Set down every record below exactly as it appears, but without the pictures.

/---

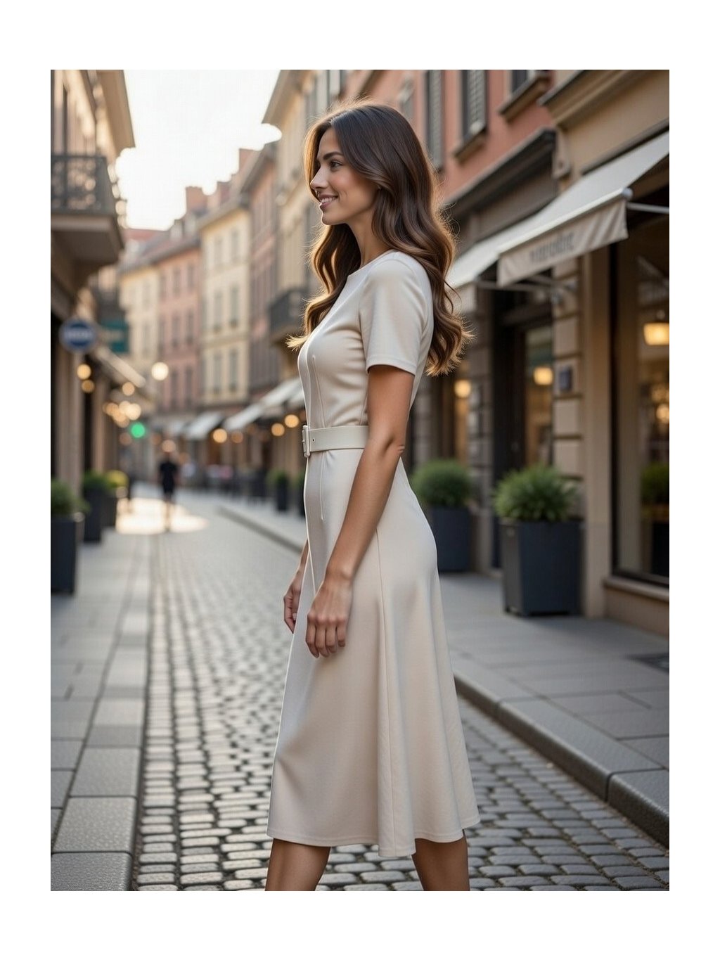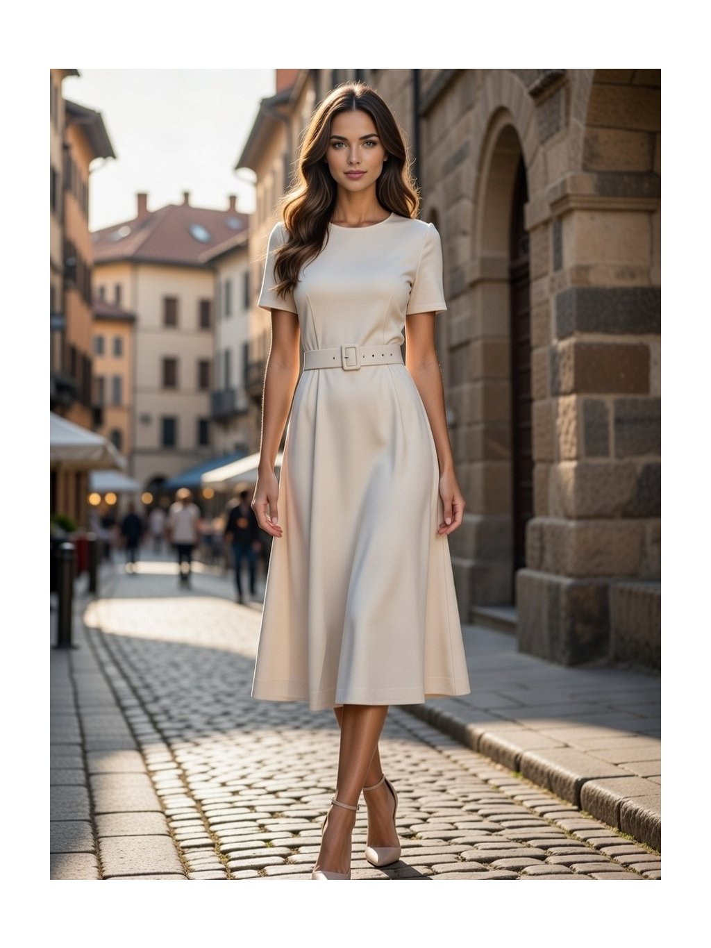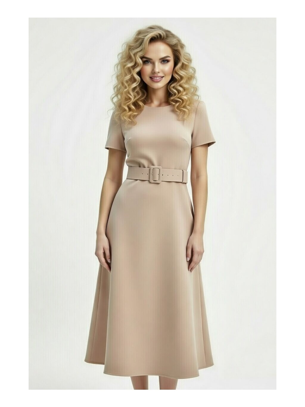 Jemne priliehavé midi šaty s krátkym rukávom zvýraznia siluetu a zároveň pôsobia sofistikovane a veľmi vkusne. Čisté línie dopĺňa elegantný opasok v tóne šiat, ktorý krásne zvýrazní pás a dodá outfitu štruktúru. Jemný, hladký materiál je príjemný na dotyk, pohodlný na nosenie a ideálny na celodenné využitie.Midi dĺžka pôsobí žensky a univerzálne – vhodná do práce, na obchodné stretnutie, ale aj na kávu v meste či spoločenskú udalosť. Šaty sa dajú jednoducho kombinovať s lodičkami, sandálmi aj elegantnými čižmami.
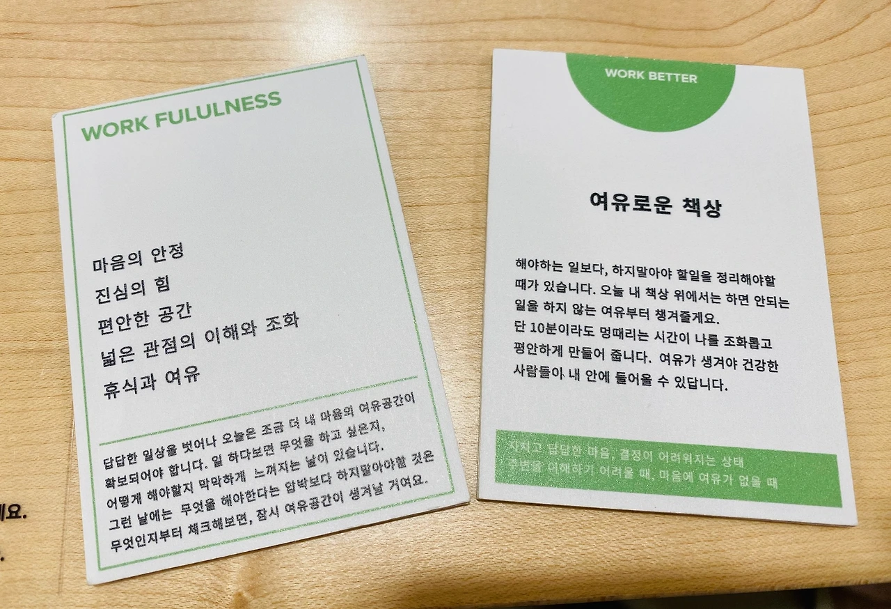 어제 데스커라운지에서 같은 공간에서 일하는 분들과 약간의 스몰톡을 할 수 있게 만들어 놓은 프로그램에 참야해서 뽑은 메세지 카드인데
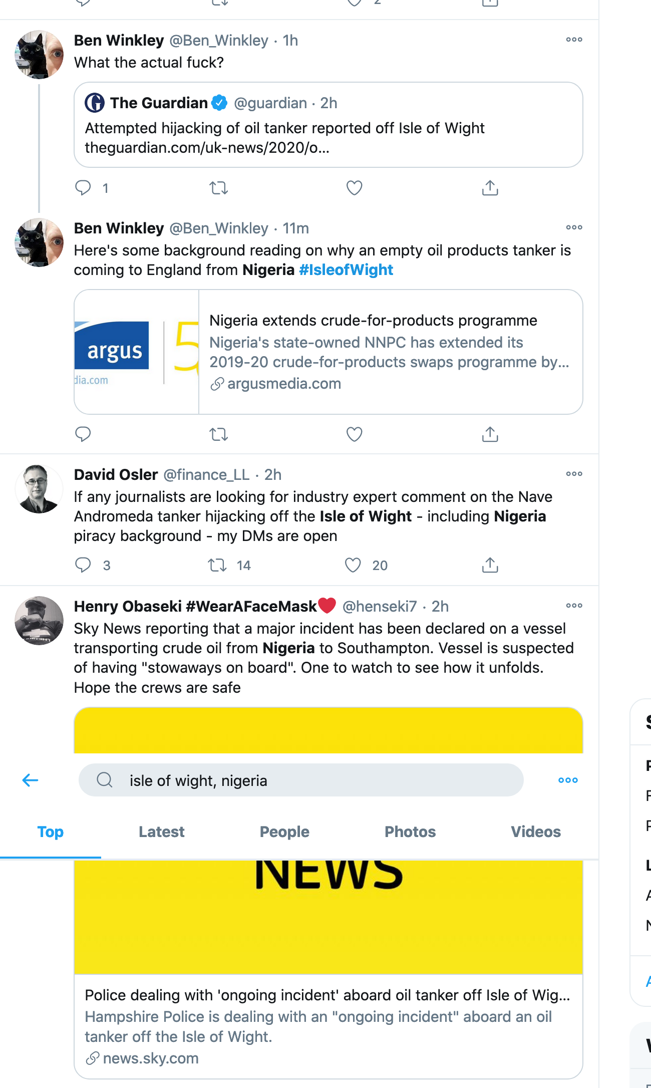 CONFIRMED – Seven illegal immigrants from Nigeria have been taken control of the oil tanker Nave Andromeda, south off the coast of Isle of Wight. Anti-terrorist special operation is ONGOING!#NaveAndromeda #UK pic.twitter.com/YnCjB6rAHu
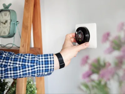 Person adjusting the thermostat in their home
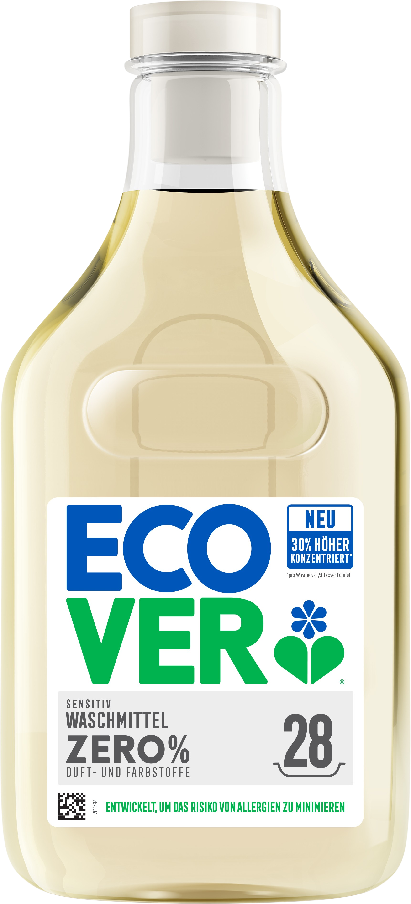 Det flytande tvättmedlet ZERO frånEcover är mycket lämpligt för vit och färgbeständig kulörtvätt och tar bort fläckar från en tvättemperatur på 30 °C.

\---

§ Response area
 Jemne priliehavé midi šaty s krátkym rukávom zvýraznia siluetu a zároveň pôsobia sofistikovane a veľmi vkusne. Čisté línie dopĺňa elegantný opasok v tóne šiat, ktorý krásne zvýrazní pás a dodá outfitu štruktúru. Jemný, hladký materiál je príjemný na dotyk, pohodlný na nosenie a ideálny na celodenné využitie.Midi dĺžka pôsobí žensky a univerzálne – vhodná do práce, na obchodné stretnutie, ale aj na kávu v meste či spoločenskú udalosť. Šaty sa dajú jednoducho kombinovať s lodičkami, sandálmi aj elegantnými čižmami.
 어제 데스커라운지에서 같은 공간에서 일하는 분들과 약간의 스몰톡을 할 수 있게 만들어 놓은 프로그램에 참야해서 뽑은 메세지 카드인데
 CONFIRMED – Seven illegal immigrants from Nigeria have been taken control of the oil tanker Nave Andromeda, south off the coast of Isle of Wight. Anti-terrorist special operation is ONGOING!#NaveAndromeda #UK pic.twitter.com/YnCjB6rAHu
 Person adjusting the thermostat in their home
 Det flytande tvättmedlet ZERO frånEcover är mycket lämpligt för vit och färgbeständig kulörtvätt och tar bort fläckar från en tvättemperatur på 30 °C.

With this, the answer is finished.